CODEWITHSUNDEEP
c++recursionadditionsequence
BillyDean
BillyDean

Reputation: 77

Recursive addition sequence C++

Basically, I need to create a sequence in C++ where if given (5,6) as parameters, the output would be:

5, 11, 18, 26, 35, 45

I have no idea what this is called but it works like this:

5 = 5
11 = 5 + (5 + 1)
18 = 11 + (5 + 2)
26 = 18 + (5 + 3)

and so on and so forth. The number of times this is done is dictated by the second parameter.

I've tried for like 3 days to figure this out but no luck. I usually end up with something like

int recProb(int incrementBy, int counter){
    if (counter == 0){
        return incrementBy;
    }

    cout << incrementBy + recProb(incrementBy + 1, counter - 1) << ", ";
}

or something that resembles the fibonacci sequence recursion solution.
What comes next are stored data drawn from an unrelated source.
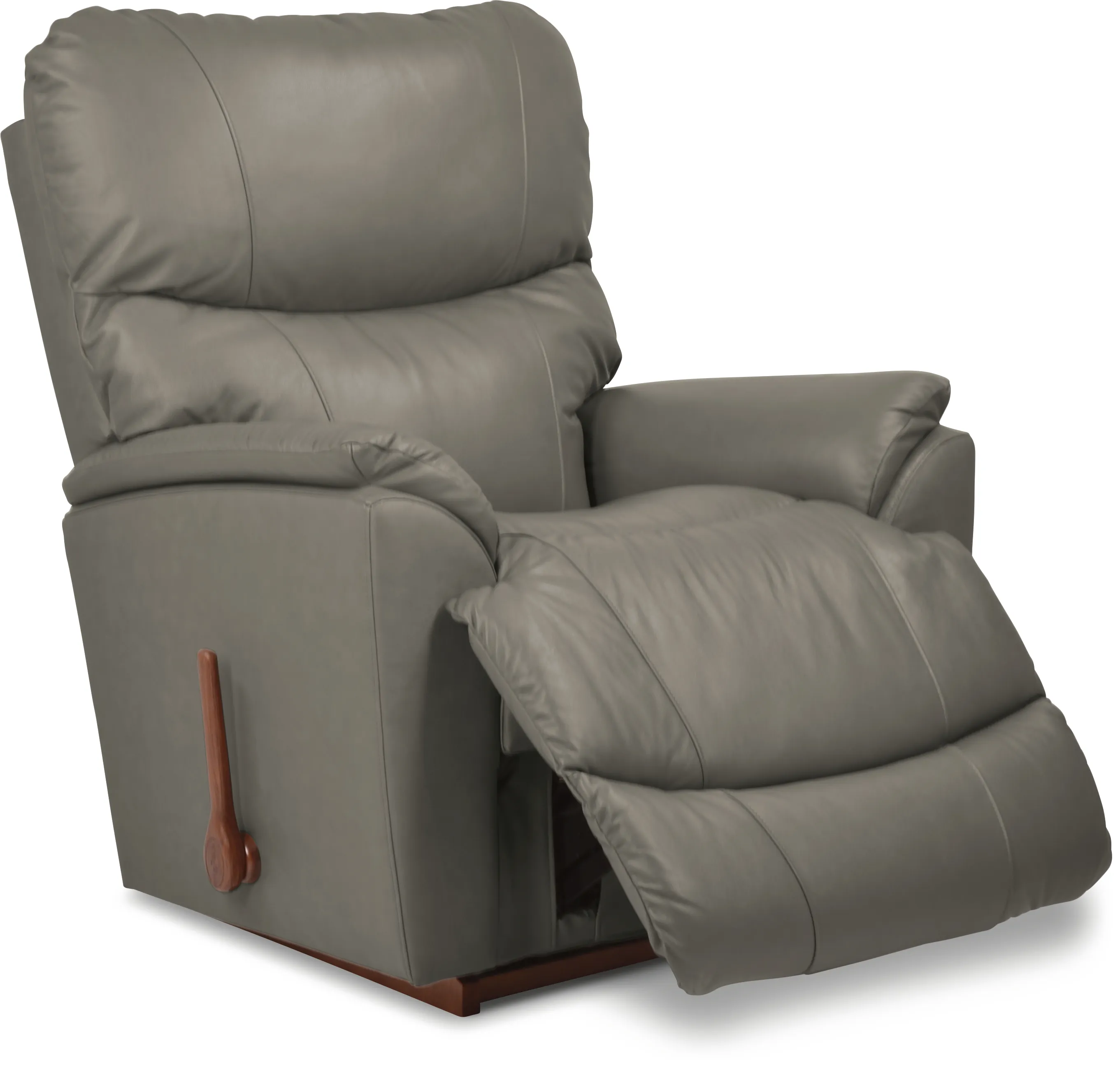 An updated silhouette, complete with slightly flared arms and a sleek tall back give Trouper a look that's fresh. It's also one comfortable rocking recliner. A sculpted bucket seat cradles you in softness while providing extra head and lumbar support. A convenient handle allows you to smoothly and easily adjust the legrest to your preferred position, or rock away the stress of the day. When it comes to comfort, Trouper always comes through.
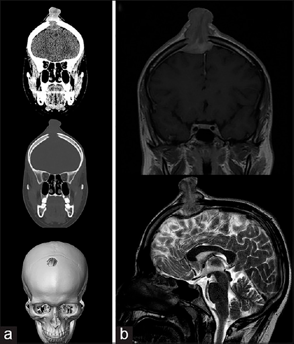 Рисунок 6. (а) КТ-исследование без контрастирования — фронтальное сканирование (верхняя и средняя часть) и 3D-реконструкция черепа (нижняя часть). (b) МРТ-сканирование. Т1‑взвешенное изображение во фронтальной плоскости (сверху) и Т2‑взвешенное изображение в сагиттальной плоскости
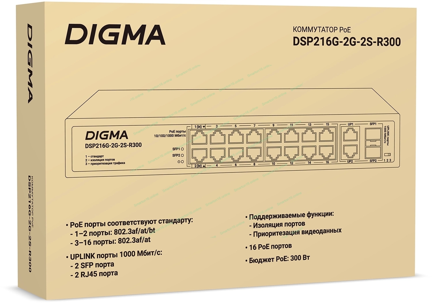 Коммутатор Digma DSP216G-2G-2S-R300 (L2) 18x1 Гбит/с 2SFP 16PoE 16PoE+ 2PoE++ 300W неуправляемый
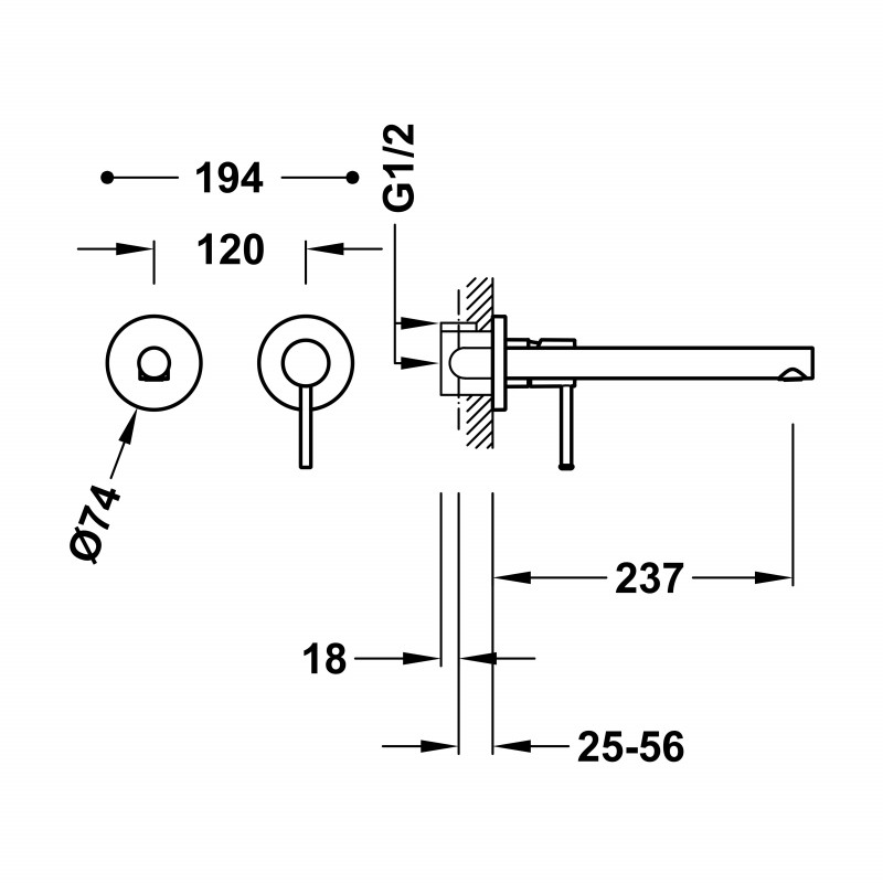 1) Змішувач для раковини Tres Max-Tres настінний одноважільний хром
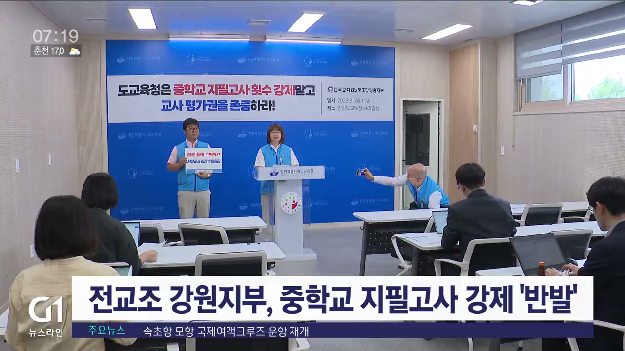 강원특별자치도 교육청이 지난 4월 중학교 지필고사를 연 2회 이상 추진하기로 한 것과 관련해, 전교조 강원지부가 기자회견을 열고 반발하고 나섰습니다.
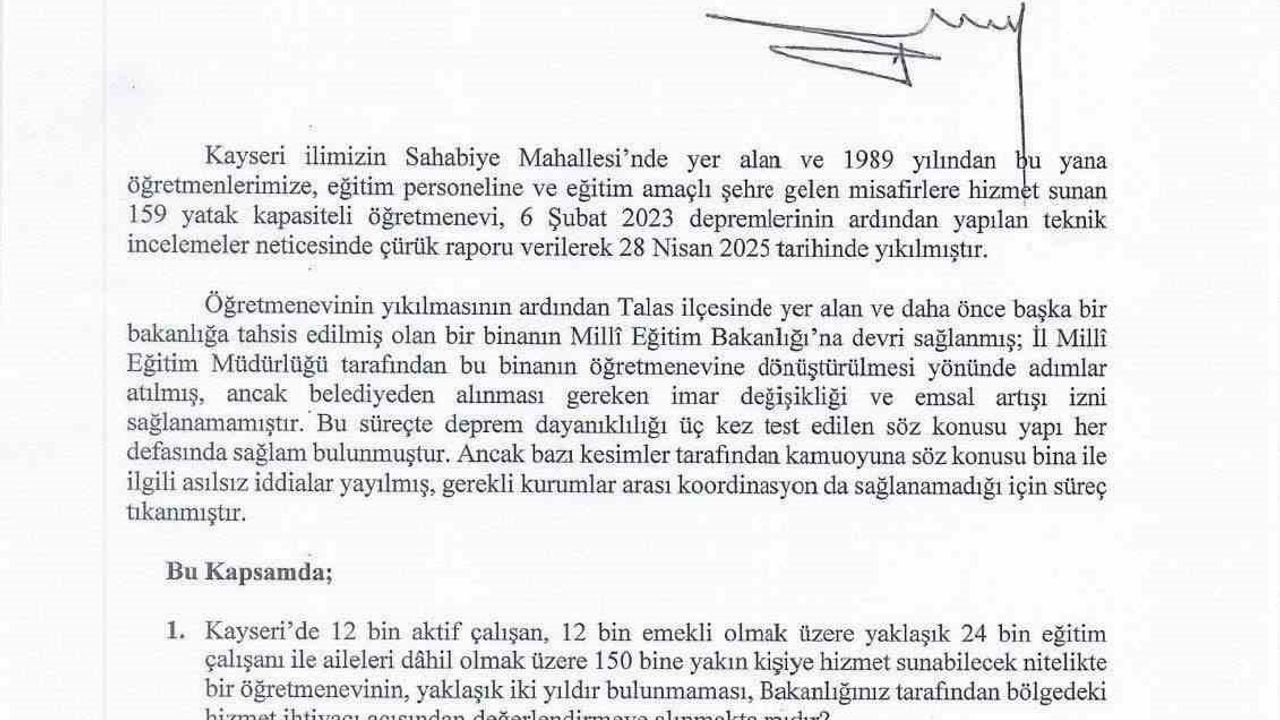 "Kayseri ilimizin Sahabiye Mahallesi’nde yer alan ve 1989 yılından bu yana öğretmenlerimize, eğitim personeline ve eğitim amaçlı şehre gelen misafirlere hizmet sunan 159 yatak kapasiteli öğretmenevi, 6 Şubat 2023 depremlerinin ardından yapılan teknik incelemeler neticesinde çürük raporu verilerek 28 Nisan 2025 tarihinde yıkılmıştır. Öğretmenevinin yıkılmasının ardından Talas ilçesinde yer alan ve daha önce başka bir bakanlığa tahsis edilmiş olan bir binanın Milli Eğitim Bakanlığı’na devri sağlanmış; İl Milli Eğitim Müdürlüğü tarafından bu binanın öğretmenevine dönüştürülmesi yönünde adımlar atılmış, ancak belediyeden alınması gereken imar değişikliği ve emsal artışı izni sağlanamamıştır. Bu süreçte deprem dayanıklılığı üç kez test edilen söz konusu yapı her defasında sağlam bulunmuştur. Ancak bazı kesimler tarafından kamuoyuna söz konusu bina ile ilgili asılsız iddialar yayılmış, gerekli kurumlar arası koordinasyon da sağlanamadığı için süreç tıkanmıştır. Bu kapsamda; Kayseri’de 12 bin aktif çalışan, 12 bin emekli olmak üzere yaklaşık 24 bin eğitim çalışanı ile aileleri dâhil olmak üzere 150 bine yakın kişiye hizmet sunabilecek nitelikte bir öğretmenevinin, yaklaşık iki yıldır bulunmaması, Bakanlığınız tarafından bölgedeki hizmet ihtiyacı açısından değerlendirmeye alınmakta mıdır? Talas ilçesinde tahsis edilen ve üç kez depreme dayanıklı olduğu tespit edilen binanın öğretmenevi olarak kullanılması yönünde Bakanlığınız ne gibi girişimlerde bulunmuştur? Bahse konu binayla ilgili olarak imar artışı talebinin reddedilme gerekçeleri nelerdir? Belediyeler arası mutabakatın sağlanamamasıyla ilgili Bakanlığınız ne gibi adımlar atmıştır ya da atmayı planlamaktadır? Talas’taki mevcut bina dışında, alternatif bir alanda yeni bir öğretmenevi inşa edilmesi konusunda Bakanlığınızın planladığı bir yatırım veya proje mevcut mudur?"

If anyone can please point me in the right direction that'd be awesome. Thanks.

(Sorry for the atrocious formatting, I couldn't figure out how to do it properly).

Upvotes: 0

Views: 657

Answers (3)

berbatov
berbatov

Reputation: 11

If you want to:

a) use recursion b) use only 2 parameters (both ints)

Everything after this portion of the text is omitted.